To do — The output should match, line for line, the records from the line containing "在刚刚结束不久的韩国网球公开" through the line containing "Историко-культурная ситуация 1840-60-х", with every picture left out.

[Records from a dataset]

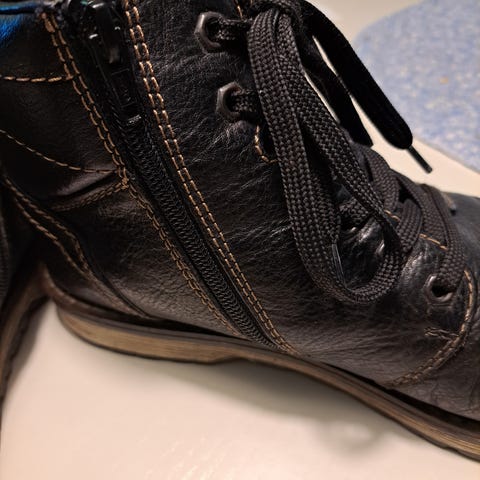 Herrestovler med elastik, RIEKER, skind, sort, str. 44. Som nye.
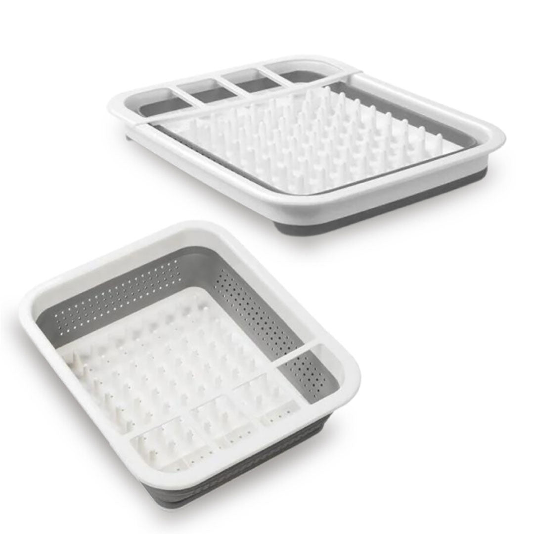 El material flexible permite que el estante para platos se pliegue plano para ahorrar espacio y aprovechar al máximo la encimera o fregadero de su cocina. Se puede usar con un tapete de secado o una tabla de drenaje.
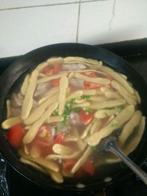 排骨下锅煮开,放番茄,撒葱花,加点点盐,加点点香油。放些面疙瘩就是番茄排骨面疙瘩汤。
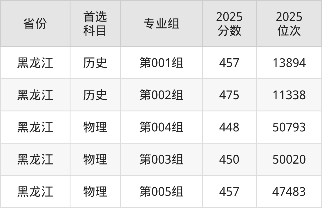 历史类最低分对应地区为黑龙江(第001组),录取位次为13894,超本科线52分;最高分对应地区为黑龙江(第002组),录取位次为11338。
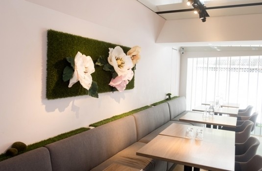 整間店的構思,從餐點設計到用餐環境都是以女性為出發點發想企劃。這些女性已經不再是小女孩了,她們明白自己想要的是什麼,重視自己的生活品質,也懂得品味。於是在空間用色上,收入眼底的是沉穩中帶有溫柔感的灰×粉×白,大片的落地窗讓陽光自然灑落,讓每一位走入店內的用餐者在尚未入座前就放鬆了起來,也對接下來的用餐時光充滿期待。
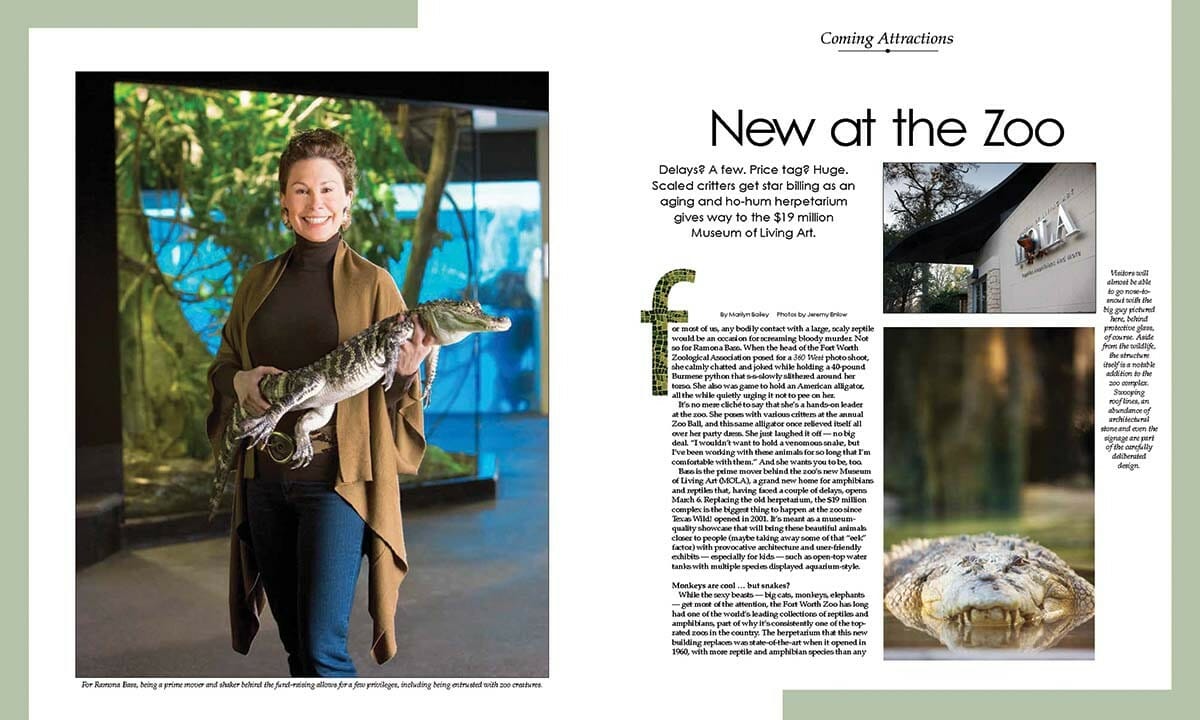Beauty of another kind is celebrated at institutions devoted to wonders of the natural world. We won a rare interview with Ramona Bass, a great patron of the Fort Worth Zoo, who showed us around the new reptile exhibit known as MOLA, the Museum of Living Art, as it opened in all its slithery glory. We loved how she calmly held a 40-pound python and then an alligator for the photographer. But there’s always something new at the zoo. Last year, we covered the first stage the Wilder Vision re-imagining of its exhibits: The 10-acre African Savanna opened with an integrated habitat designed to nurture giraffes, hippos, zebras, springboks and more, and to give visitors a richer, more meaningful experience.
==
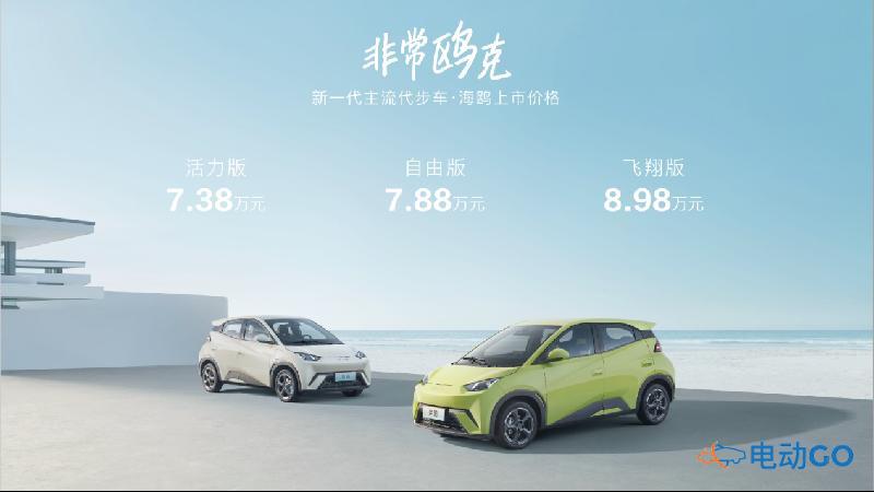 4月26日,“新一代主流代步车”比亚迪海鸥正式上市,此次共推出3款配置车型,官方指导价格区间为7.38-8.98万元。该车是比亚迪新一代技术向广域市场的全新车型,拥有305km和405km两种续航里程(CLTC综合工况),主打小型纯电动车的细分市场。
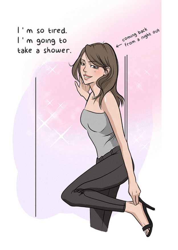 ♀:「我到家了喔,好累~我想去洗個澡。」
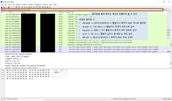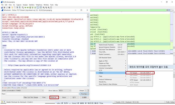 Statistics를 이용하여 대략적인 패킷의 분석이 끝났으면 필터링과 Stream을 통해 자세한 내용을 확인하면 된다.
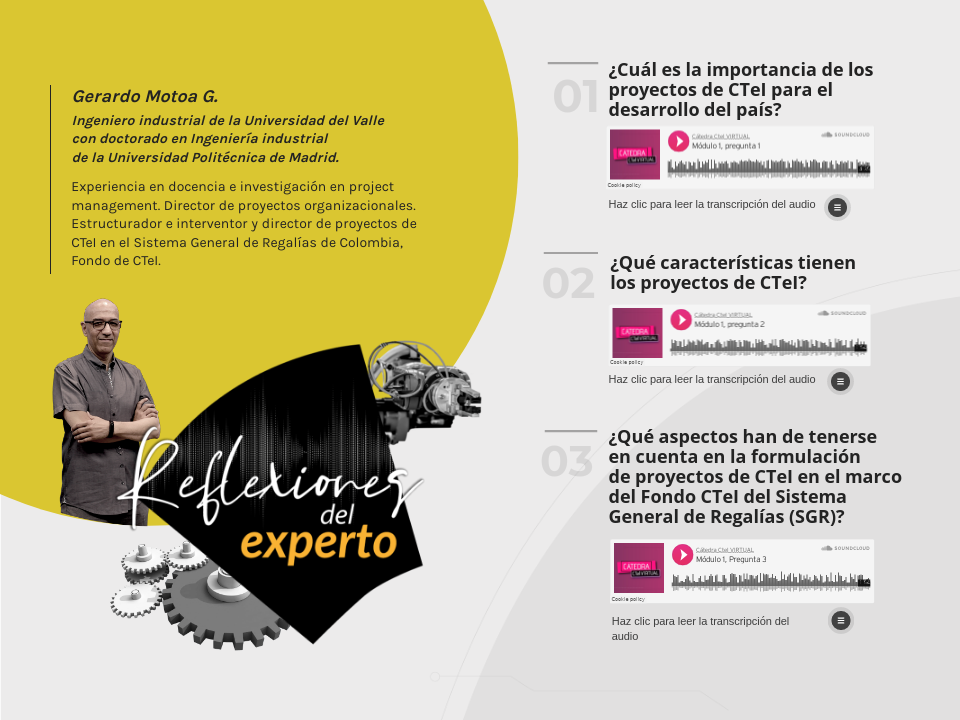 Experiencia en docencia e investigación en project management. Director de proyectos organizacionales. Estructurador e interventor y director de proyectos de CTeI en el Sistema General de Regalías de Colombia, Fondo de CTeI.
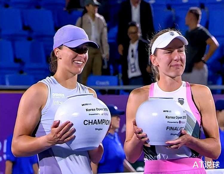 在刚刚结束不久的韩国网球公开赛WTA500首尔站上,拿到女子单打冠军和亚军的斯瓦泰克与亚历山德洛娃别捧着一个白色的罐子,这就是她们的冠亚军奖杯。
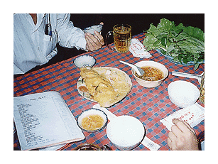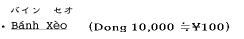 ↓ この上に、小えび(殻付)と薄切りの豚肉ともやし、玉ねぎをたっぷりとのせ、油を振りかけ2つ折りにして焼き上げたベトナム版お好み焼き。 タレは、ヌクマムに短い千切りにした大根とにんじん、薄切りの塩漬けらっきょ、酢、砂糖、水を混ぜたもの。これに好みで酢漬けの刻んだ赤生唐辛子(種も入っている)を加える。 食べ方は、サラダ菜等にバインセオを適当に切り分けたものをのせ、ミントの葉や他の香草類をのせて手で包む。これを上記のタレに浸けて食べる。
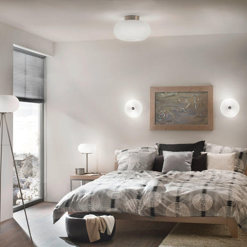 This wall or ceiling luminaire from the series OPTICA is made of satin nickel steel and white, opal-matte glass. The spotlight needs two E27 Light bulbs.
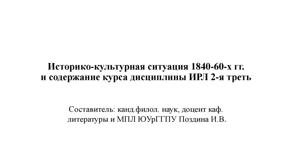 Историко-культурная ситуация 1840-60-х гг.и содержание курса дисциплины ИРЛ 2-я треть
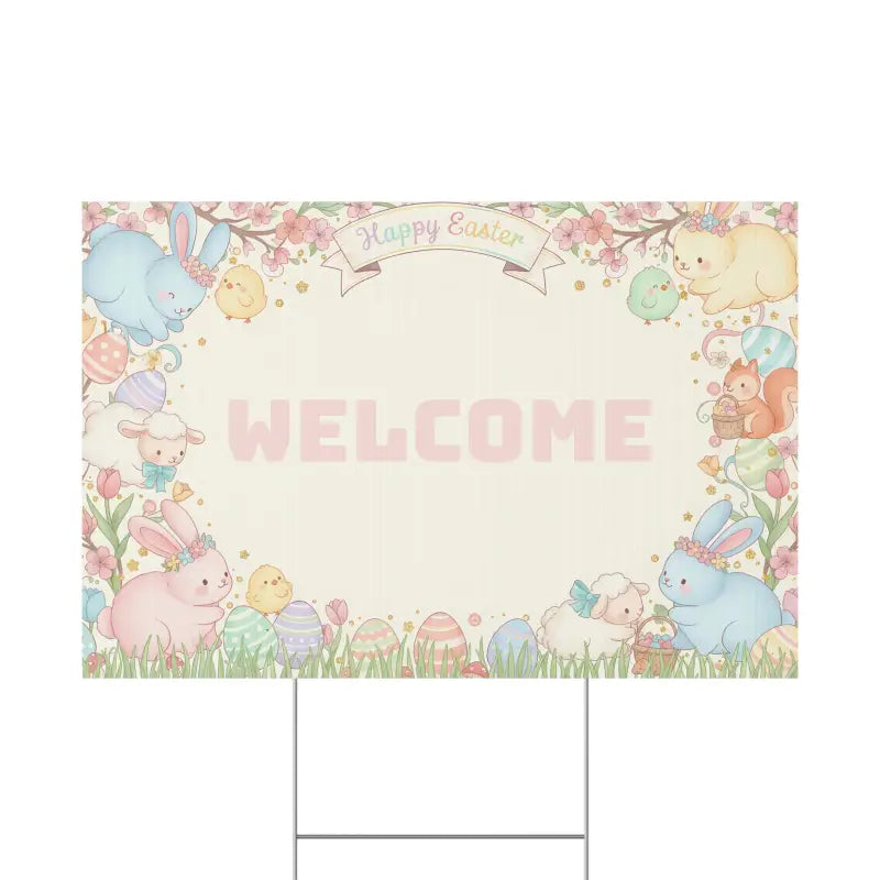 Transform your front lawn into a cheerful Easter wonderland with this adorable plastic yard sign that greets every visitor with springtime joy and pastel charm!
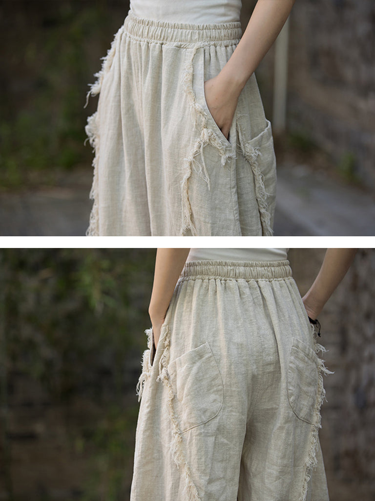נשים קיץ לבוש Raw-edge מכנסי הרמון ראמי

Response below —
 在刚刚结束不久的韩国网球公开赛WTA500首尔站上,拿到女子单打冠军和亚军的斯瓦泰克与亚历山德洛娃别捧着一个白色的罐子,这就是她们的冠亚军奖杯。
 ↓ この上に、小えび(殻付)と薄切りの豚肉ともやし、玉ねぎをたっぷりとのせ、油を振りかけ2つ折りにして焼き上げたベトナム版お好み焼き。 タレは、ヌクマムに短い千切りにした大根とにんじん、薄切りの塩漬けらっきょ、酢、砂糖、水を混ぜたもの。これに好みで酢漬けの刻んだ赤生唐辛子(種も入っている)を加える。 食べ方は、サラダ菜等にバインセオを適当に切り分けたものをのせ、ミントの葉や他の香草類をのせて手で包む。これを上記のタレに浸けて食べる。
 This wall or ceiling luminaire from the series OPTICA is made of satin nickel steel and white, opal-matte glass. The spotlight needs two E27 Light bulbs.
 Историко-культурная ситуация 1840-60-х гг.и содержание курса дисциплины ИРЛ 2-я треть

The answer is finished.